Women, however, are expected to not only look conventionally attractive at all times, but also be well dressed, in a full face of makeup, with perfectly styled hair. Do all this, and you’re mocked for being an e-thot or a titty streamer, your achievements dismissed on account of your gender. Fail to do this and you’re reviled. There’s a page on Reddit dedicated entirely to tracking Pokimane’s weight and analysing her clothing choices to account for this alleged weight gain - a perfectly normal biological phenomenon given she started at 17 and is now 26. Bodies tend to change in nine years.

This is not to say Dream deserves it, however. What knowledge I have of Dream does not include him insulting women, or anyone else for that matter, for their appearance. Even if he did, it’s saddening in another way that our first reaction to one of the best known content creators in gaming’s freshest form of media is just to say ‘haha ugly’.

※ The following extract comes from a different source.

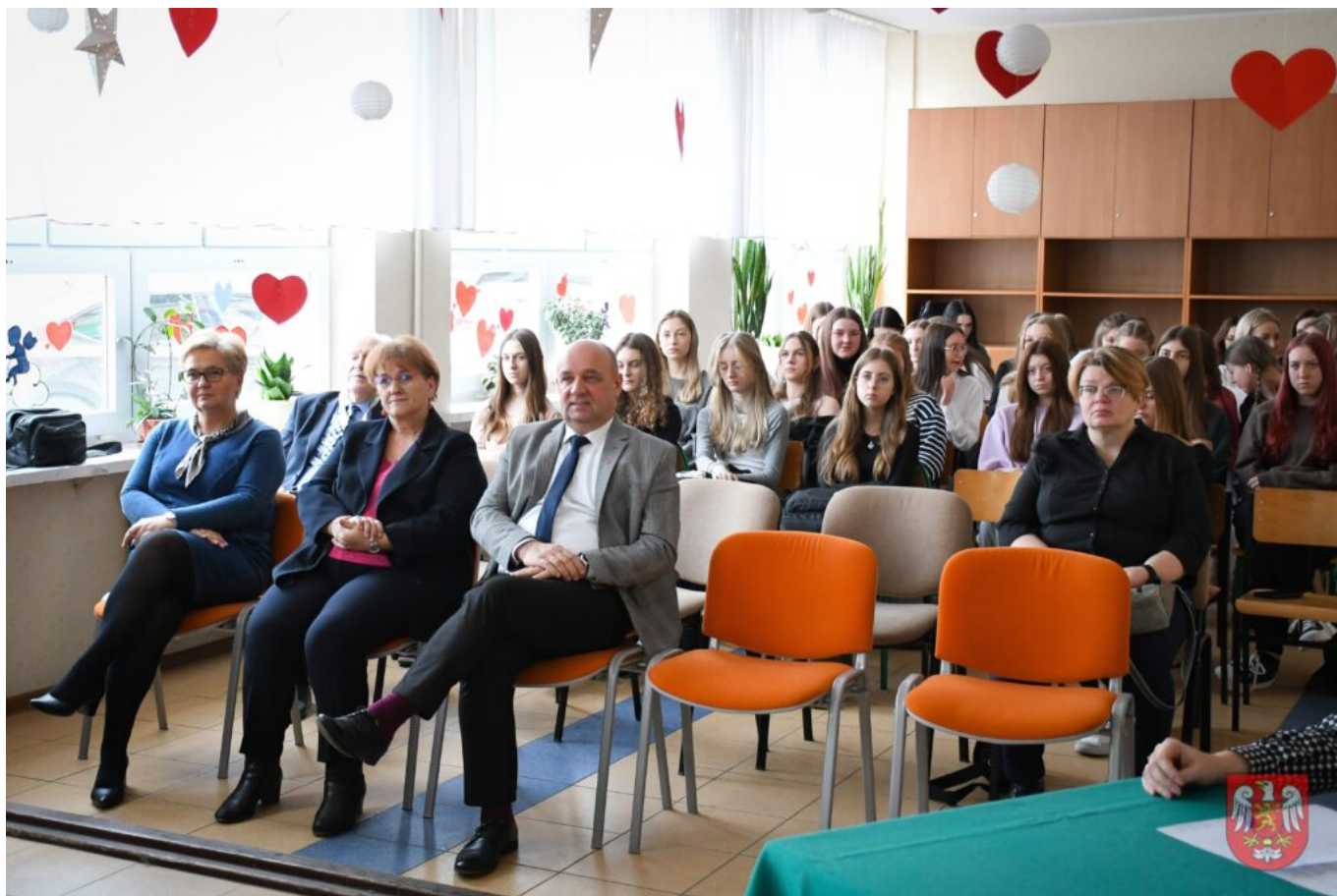
Bez tytułu (A4 (orientacja pozioma)) – 19

This, I fear, is the biggest obstacle content creators face. Gaming journalists are judged broadly for their work, which perhaps gives them more leverage for incisive critique, holding publishers to task, and breaking stories. Content creators are judged by their personality and appearance, so they constantly have to work the crowd. These younger audiences will help shake games media over the next decade, but Dream’s face reveal is proof that the content creation crowd still has some growing up to do.